Olfson M, Mechanic D
Department of Psychiatry, College of Physicians and Surgeons of Columbia University/New York State Psychiatric Institute, NY 10032, USA.
Am J Psychiatry. 1996 Dec;153(12):1613-9. doi: 10.1176/ajp.153.12.1613.
The authors' goal was to assess the effects of facility ownership on the characteristics of psychiatric inpatients treated in public, private nonprofit, or proprietary general hospitals.
Data from the 1993 National Hospital Discharge Survey were analyzed to determine the number, sociodemographic and diagnostic composition, and treatment characteristics of patients with primary mental disorders discharged from public, private nonprofit, and proprietary general hospitals.
An estimated 1.83 million patients with a primary mental disorder diagnosis were discharged from general hospitals in 1993; the number of such discharges in the National Hospital Discharge Survey, which excluded federal general hospitals, was 13,086. These patients were unevenly distributed among public (9.4%), private nonprofit (78.9%), and proprietary (11.7%) hospitals.
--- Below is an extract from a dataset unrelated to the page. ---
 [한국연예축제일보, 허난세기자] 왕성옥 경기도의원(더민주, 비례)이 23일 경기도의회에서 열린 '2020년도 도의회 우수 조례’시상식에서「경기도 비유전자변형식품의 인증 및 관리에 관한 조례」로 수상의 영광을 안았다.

Psychiatric patients of public and private nonprofit hospitals were more likely to be diagnosed with schizophrenia (public: 23.4%, nonprofit: 18.8%, proprietary: 12.6%), a comorbid substance-related disorder (public: 29.9%, nonprofit: 31.0%, proprietary: 17.4%), a personality disorder (public: 11.6%, nonprofit: 11.3%, proprietary: 4.7%), or a general medical disorder (public: 62.4%, nonprofit: 57.4%, proprietary: 41.1%) than patients of proprietary hospitals. Uninsured psychiatric patients were far more common at public hospitals than at the other types of facilities (public: 17.0%, nonprofit: 9.9%, proprietary: 6.4%).
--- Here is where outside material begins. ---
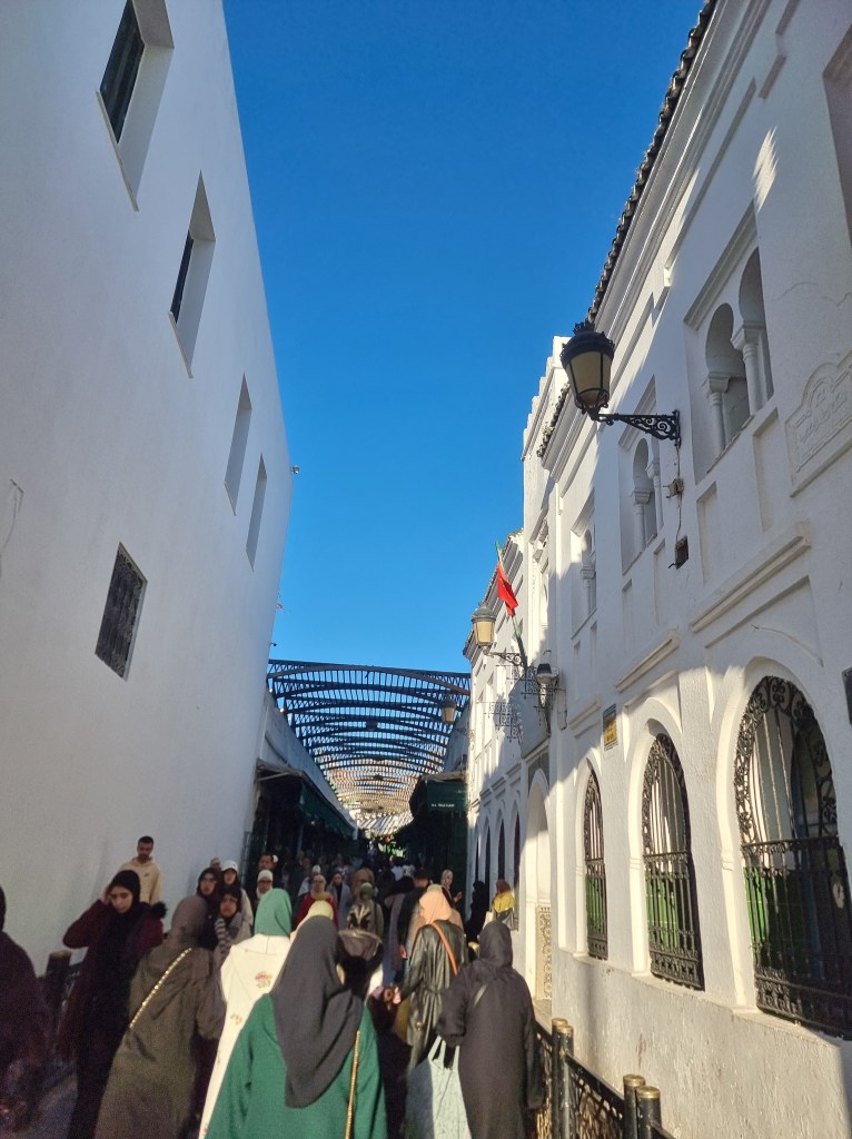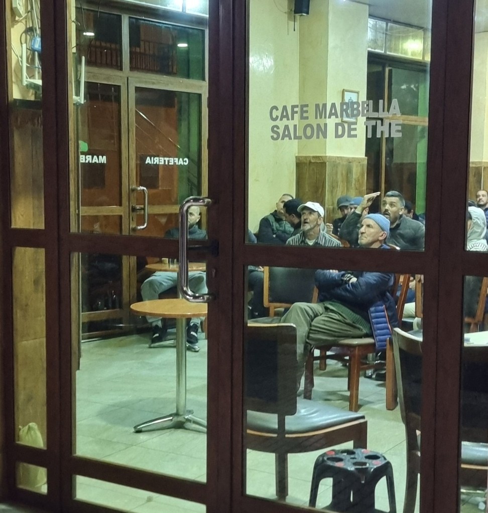 Was uns in Tetouan allerdings auffiel war, dass relativ wenige Frauen auf der Straße unterwegs waren. Viele der Cafés waren ausschließlich mit Männern gefüllt. Wir fragten später unseren Guide danach, ob wir da als Frauen denn überhaupt reindurften. Er sagte, dass es nicht verboten sei, die Männer aber sehr verwundert wären. Von da an nannten wir diese Cafés „Männercafés“. Abends lief ein Fußballmatch der Championsleague zwischen Madrid und Barcelona und alle Männercafés waren gefüllt. Wir liefen durch die Straßen und waren ein wenig amüsiert darüber, wie sie alle aufgereiht wie Schulklassen vor dem Fernseher saßen.

Public general hospitals play an important role in caring for uninsured patients with severe mental illness. Before widespread closures occur in the public general hospital sector, it is critical that policy makers identify and develop resources to replace the care these institutions currently provide to poor patients with severe psychiatric disorders.
作者的目标是评估医院所有权对在公立、私立非营利性或营利性综合医院接受治疗的精神科住院患者特征的影响。
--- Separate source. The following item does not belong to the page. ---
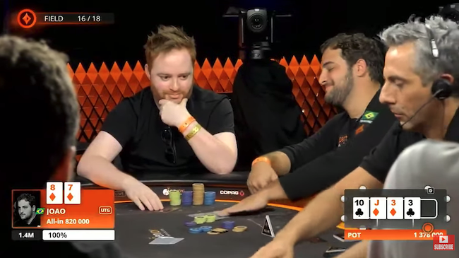 L’azione si sposta al turn che è un 3♣. Un po’ a sorpresa, Farrell decide di rallentare l’azione con un check. Il suo avversario brasiliano ne approfitta e annuncia un all-in da 820.000 chips.

对1993年全国医院出院调查的数据进行分析,以确定从公立、私立非营利性和营利性综合医院出院的原发性精神障碍患者的数量、社会人口统计学和诊断构成以及治疗特征。
1993年估计有183万例原发性精神障碍诊断患者从综合医院出院;全国医院出院调查(不包括联邦综合医院)中的此类出院病例数为13086例。这些患者在公立(9.4%)、私立非营利性(78.9%)和营利性(11.7%)医院中的分布不均衡。公立和私立非营利性医院的精神科患者比营利性医院的患者更有可能被诊断患有精神分裂症(公立:23.4%,非营利性:18.8%,营利性:12.6%)、合并物质相关障碍(公立:29.9%,非营利性:31.0%,营利性:17.4%)、人格障碍(公立:11.6%,非营利性:11.3%,营利性:4.7%)或一般躯体疾病(公立:62.4%,非营利性:57.4%,营利性:41.1%)。未参保的精神科患者在公立医院比在其他类型的机构更为常见(公立:17.0%,非营利性:9.9%,营利性:6.4%)。
公立综合医院在照顾未参保的重症精神疾病患者方面发挥着重要作用。在公立综合医院部门广泛关闭之前,政策制定者必须确定并开发资源,以取代这些机构目前为贫困重症精神障碍患者提供的护理。